A few weeks ago, I posted something on social media that got lots of attention from my readers. It was blogger Tim Urban’s excellent piece on the mind of the procrastinator. I’m sure one reason the post was so popular was Urban’s drawings illustrating what happens in the mind of a procrastinator, but I think mostly it struck a nerve with all the procrastinators out there. See Tim’s TED Talk about procrastination here.)
Before I go any further with this post, I should offer full disclosure: by nature I am a PREcrastinator. That’s what psychologist Adam Grant calls people like himself (and me) who can’t stand to have any deadline hanging over our heads. In his TED talk on original thinkers, Grant put it this way: “You know that panic you feel a few hours before a big deadline when you haven't done anything yet. I just feel that a few months ahead of time.”
That’s me. For my whole life, I’ve focused on finishing tasks LONG before they were due. I panicked on the first day of every semester as I faced those syllabi full of big projects, and I immediately began to tackle the research papers and projects ahead of me. I finished a dissertation in two years, something almost unheard of among history Ph.D.s. When I started teaching, I finished most of my lecture notes and power points before the semester started. I graded papers a day or two after students handed them in.
In many ways, this approach served me well. I churned out a lot of books and articles. Students loved that I returned papers. And I have never once pulled an all-nighter to finish a project by deadline. Not one single time. (I know: you procrastinators are calling me nasty names under your breath right now.)
And I’m not really an advocate for procrastination.
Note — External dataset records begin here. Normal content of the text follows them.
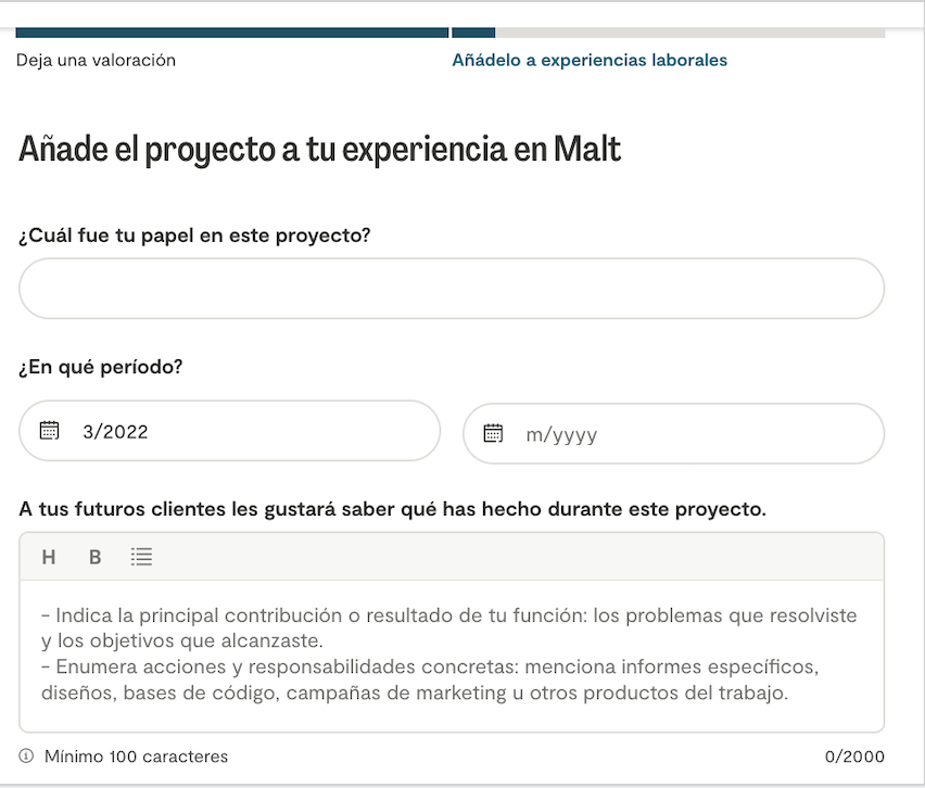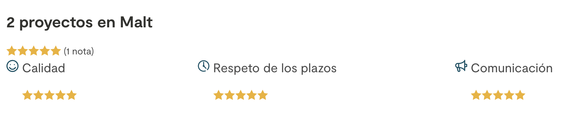 La insignia "On Malt" es una nueva función que aparece en tu perfil para identificar las experiencias de proyectos que se han completado a través de nuestra plataforma Malt.
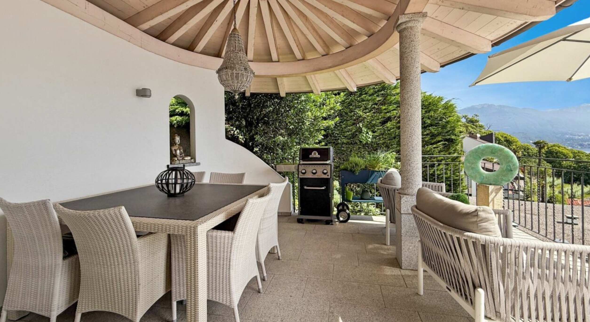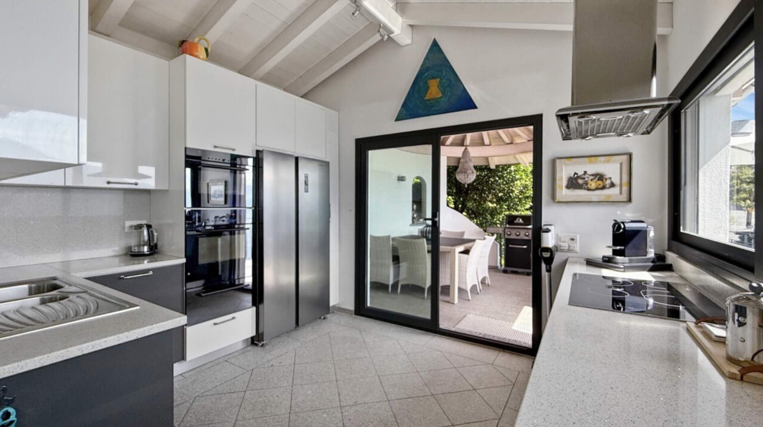 Die elegante, lichtdurchflutete Küche bietet hochwertige Geräte, großzügige Arbeitsflächen und viel Stauraum. Glänzende Fronten, ein großes Side-by-Side-Kühlsystem, moderne Einbaubacköfen und ein Induktionskochfeld sorgen für höchsten Komfort. Durch die Glasschiebetür gelangt man direkt auf die überdachte Terrasse – ideal für Kochen und Genießen im Innen- und Außenbereich.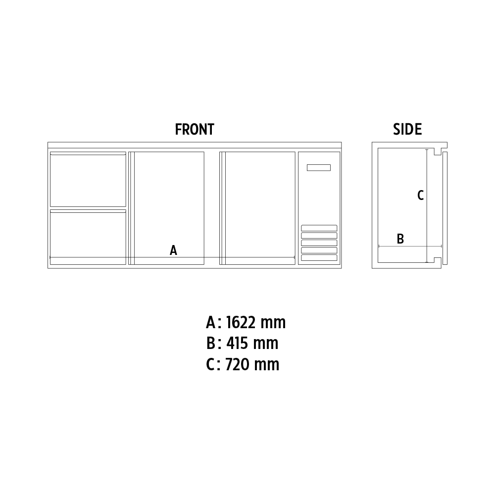 | Εσωτερικές διαστάσεις | 1622x415x720(h)mm |

As a former professor, I know that for every student who did her best work by waiting till the last minute, there were two or three students who turned in absolute garbage because they waited until the night before the deadline to throw something together.
But late in my teaching career, I began to see that there were real liabilities to being a prescrastinator. Too often, I cranked out the work, but I didn’t give it enough time to incubate in my brain, so it didn’t reflect my best thinking. I’d finish it, check it off my to-do list, and never think about it again—at least not until weeks or months later when I would read it and kick myself for the things that could have been improved.
Looking back on it, I can see that my best work was the product of slowing down. For example, I still believe that my first book, All We Knew Was To Farm, was my best book because I spent eight years working on it. In that eight years, I had a lot of time to think about what my research really meant. I had a lot of time to find just the right way to explain why my findings mattered.
Adam Grant did a lot of research on original thinkers for his book Originals: How Non-Conformists Move the World, and he found that there is a sweet spot when it comes to procrastination. Extreme procrastinators tended to produce shoddy work—when they finished the work at all. On the other hand, prescrastinators like me often produced work that was not very original. But people who took time to incubate their ideas tended to be more creative. Grant said, “One of the things that really happens when you slow down is you keep [the project] active in your working memory. And it can be really good for the task that you haven't quite solved yet.”
These days, I’m trying to find that sweet spot Grant talked about. I still find I can’t wait until the very last minute to complete important tasks. That simply generates anxiety that keeps me awake nights. But I’m also striving not to fall back into old habits of sprinting through a project and checking it off my list, never to think about it again. Instead, I’m trying to work slowly—to focus on new challenges in smaller chunks of time. That allows the ideas to percolate slowly.
This blog post is a great example. I’ve been thinking a lot about time management for the past few months because I’ve been working with several clients on the challenge of managing their time effectively. Then several weeks ago, I listened to a great TED Radio Hour show on “Slowing Down” (see this week’s featured podcast). I jotted down some ideas from that and set the note in the corner of my desk. Each time I sat down at my desk, I saw the note. I re-read it, and sometimes, another point I wanted to make in the blog post occurred to me, so I’d jot it down. Then I saw the Tim Urban piece which seemed to resonate so much with my social media followers. I did some composing in my head, too, so by the time, I sat down to write, I had a good idea how to organize this piece and what points to include. Once I drafted it, I set it aside for a few days so that I could come back to it with fresh eyes. The final product is this blog post. What I’ve written is certainly not a literary or self-help masterpiece but my ideas are more well-developed than if I had simply churned out a post in a single sitting.
How about you? What strategies allow your ideas to mature so that you can do creative work?